How come the product $V\times\{0\}$ is measurable with $V$ non measurable? Take a non Lebesgue measurable set $V\subset\mathbb{R}$ (say the Vitali set). The Lebesgue outer measure $\mu\big[V\times\{0\}\subset\mathbb{R}^2\big]=0$ and that directly implies that $V\times\{0\}$ is measurable. How is this possible?
 A: Any set of the form $V\times\{0\}$ has zero outer measure (it is contained in the line, which famously has zero (outer) measure).
Any set of zero outer measure is measurable.
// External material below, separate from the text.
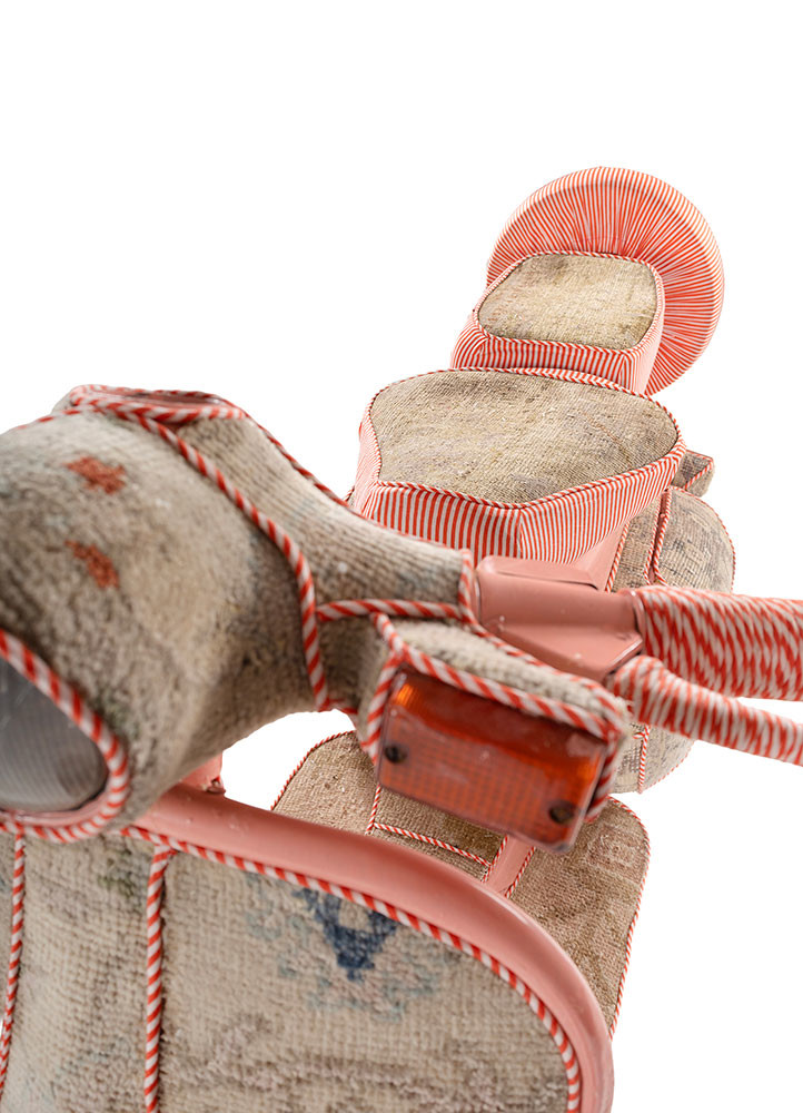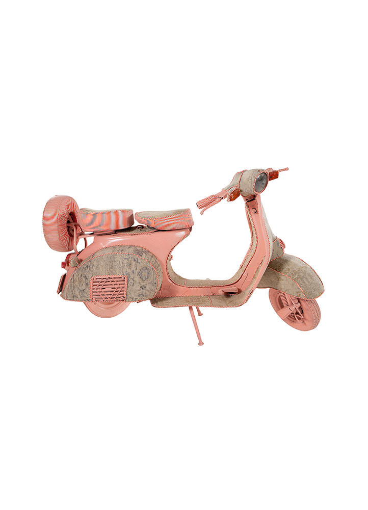 The Memoir on Wheels is a metaphoric representation of the first ride many entrepreneurs relied on during the retro era. Beautifully wrapped in vibrant, woven rugs, it stands as an art installation, evoking nostalgia for a time when ambition and style met on the open road. This display piece captures the spirit of entrepreneurship, honoring the past while inspiring future generations with its timeless design and artistic charm.

Perhaps one could say that the one-dimensional weirdness of $V$ is irrelevant, because it is so small in the product set $V\times\{0\}$.
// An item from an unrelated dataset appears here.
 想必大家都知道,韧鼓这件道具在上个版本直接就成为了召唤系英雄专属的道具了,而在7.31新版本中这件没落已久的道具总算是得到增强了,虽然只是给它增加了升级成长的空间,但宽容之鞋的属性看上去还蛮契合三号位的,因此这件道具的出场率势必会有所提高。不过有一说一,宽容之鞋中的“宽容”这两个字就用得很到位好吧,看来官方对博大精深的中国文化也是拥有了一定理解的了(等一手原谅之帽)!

It is important to maintain the distinction between measures and outer measures in order to make all this sensible.
Every set has an outer measure.
The concept of measure is restricted to measurable sets.
The outer measure is more flexible, so it is best to argue with it.
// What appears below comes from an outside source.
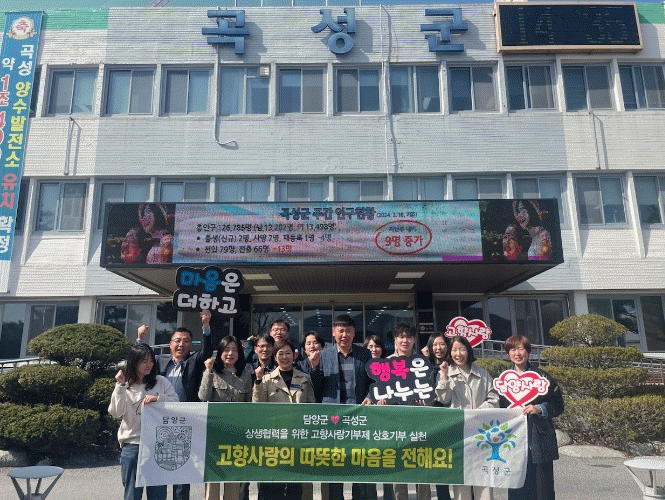 이날 담양군 축산원예과와 곡성군 유통축산과 직원 40여 명이 동참해 총 420만 원의 고향사랑 기부금을 상호기부하기로 협약했으며, 서로의 지역발전을 응원하고 고향사랑기부제의 성공적인 정착 및 업무공유 등에 적극 협력하기로 했다.

A: Lebesgue measure is a complete measure. In particular since
$$
V\times{0}\subset\mathbb{R^2}\times\{0\}
$$
where $\mathbb{R}^2\times \{0\}$ is measurable (it is closed) and moreover $m(\mathbb{R}^2\times\{0\})=0$, it follows that $V\times \{0\}$ is measurable.  
In fact when constructing Lebesgue measure using the Caratheodory- Hahn Extension theorem, we extend a premeasure $\mu$ defined on the algebra of finite disjoint unions of rectangles, $\mathcal{A}$, uniquely to a measure $m$ defined on the borel sigma algebra $\mathcal {B}=\sigma(\mathcal{A})$. But in fact the theorem extends this measure to an algebra bigger than $\mathcal{B}$, call it $\mathcal{L}$, those sets that are measurable with respect to Caratheodory's criterion. So we have the inclusions
$$
\mathcal{A}\subset\mathcal{B}\subset\mathcal{L}
$$ 
It can be shown that $\mathcal{L}=\{B\cup N\mid B\in\mathcal{B}, N\subset E, m(E)=0\quad\text{for some E$\in\mathcal{B}$}\}$.